*Masaki Matsushima1
(1.Department of Earth and Planetary Sciences, School of Science, Tokyo Institute of Technology)
Keywords:core electrical conductivity, core surface flow, secular variation, geomagnetic field
The Earth possesses its intrinsic magnetic field, which is generated and maintained by convective motions in the fluid core, known as dynamo action. As found in the induction equation, the temporal change of magnetic field is given by a summation of three terms; the motional induction, the advection, and the diffusion terms. The magnetic diffusion term can be much smaller than the others, and therefore it can be neglected for the magnetic field with length scale of outer core size and with time scales much shorter than magnetic diffusion time.

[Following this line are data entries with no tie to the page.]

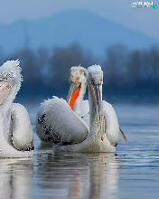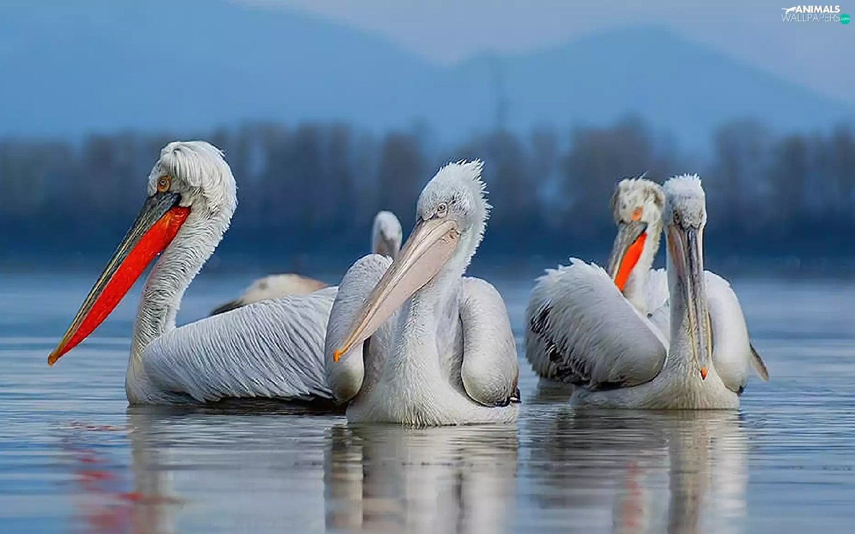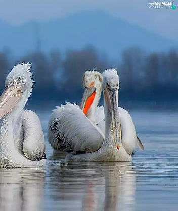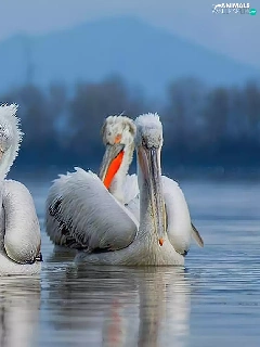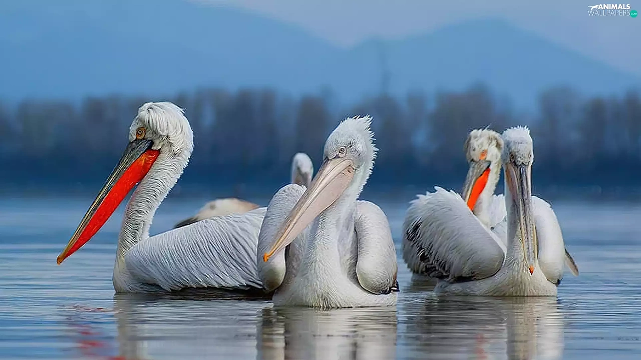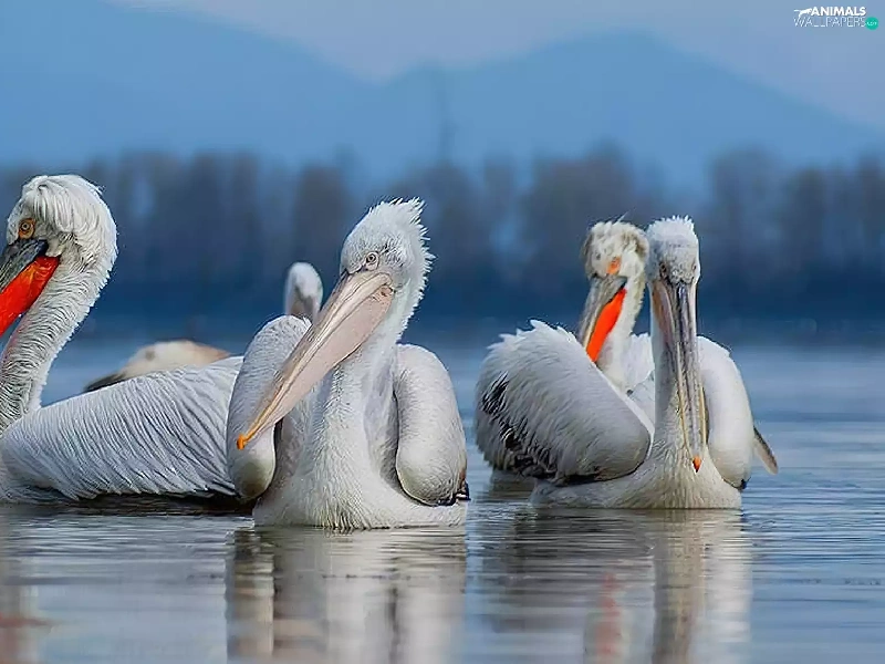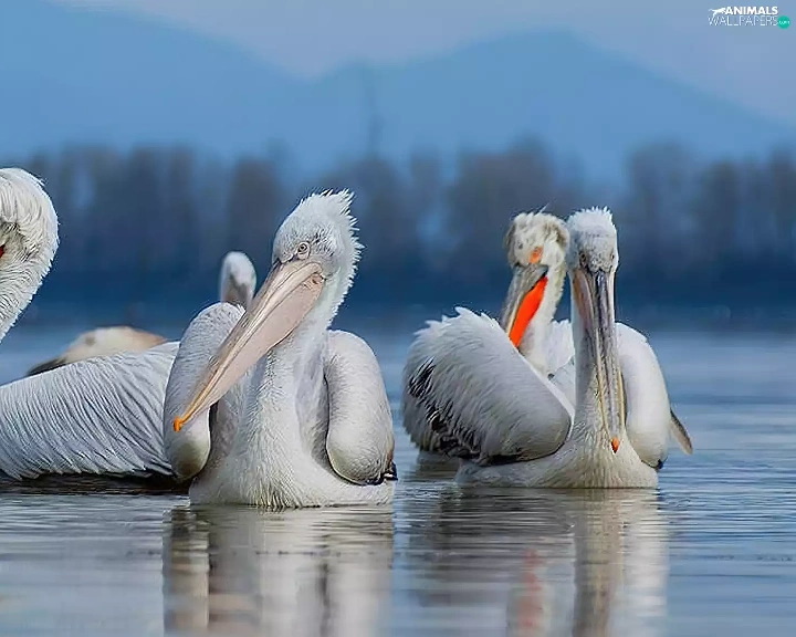 pelicans, Mountains, forest, lake
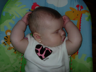 Alexis Grace is growing that is for sure! She had her 4 month dr apt recently and weighed in at 16 lbs 10 oz. and is in the 93% and she is 25 1/2 in tall (80%) WOW! She just got over a bad cold and cough that she picked up from big sister (thanks preschool!) and now she has her first ear infection. Poor baby! She is on an antibiotic and hopefully will not have anymore illnesses.
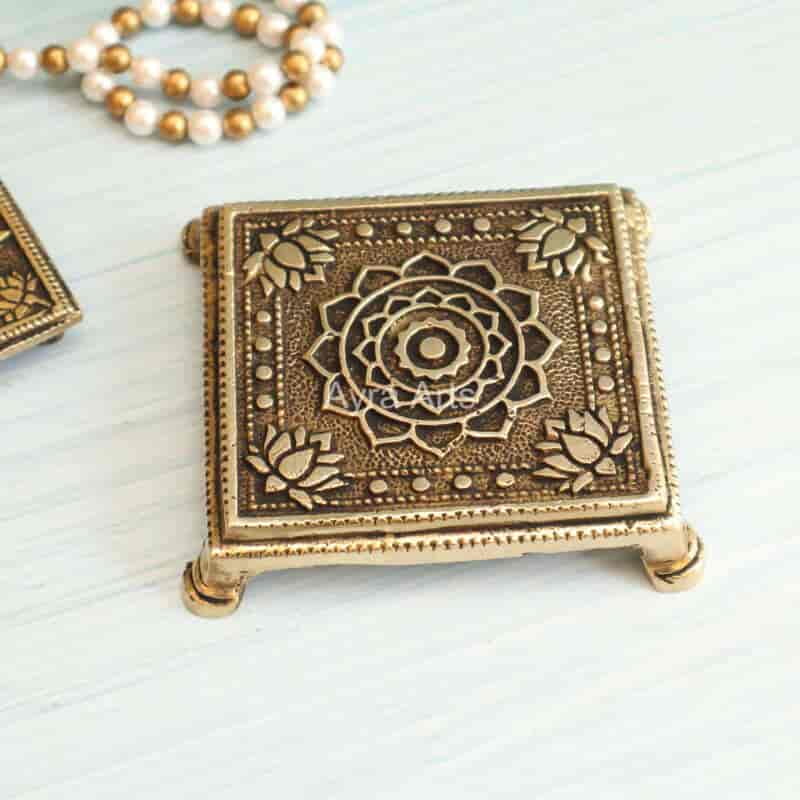Make your pooja space special with this handcrafted 4-inch Brass Square Shaped Puja Chowki — ideal for mandir setups.

Moreover, the stress-free boundary condition has been imposed at the core-mantle boundary (CMB). Most of core surface flow models have been obtained so far on the frozen-flux approximation, in which the magnitude of core electrical conductivity is equivalent to infinity. In reality, however, there exists a viscous boundary layer at the CMB, in which contribution of magnetic diffusion to temporal changes of geomagnetic field can never be neglected. Hence, to estimate core surface flows, the effect of magnetic diffusion is explicitly incorporated inside the boundary layer and the viscous force is presumed to be influential in considering force balance inside the boundary layer (Matsushima, 2015). Below the boundary layer, the effect of magnetic diffusion is assumed to be much less than the others, as in the frozen-flux hypothesis, and the tangentially geostrophic constraint or the tangentially magnetostrophic constraint is imposed. In this method, core electrical conductivity can play an important role in estimating core surface flows. The temporal variations in the radial component of magnetic field, Br, at the CMB are caused by magnetic diffusion only because of the no-slip condition for core flows there. The second partial derivative of Br with respect to the radius has thus relation to core electrical conductivity. This suggests that core electrical conductivity can be important to infer Br inside the core. Furthermore, on the tangentially magnetostrophic constraint, the electrical current density, which is connected with the Lorentz force, has relation to core electrical conductivity. In this presentation, effects of core electrical conductivity on core surface flow models are investigated for various values of core electrical conductivity, which are still controversial.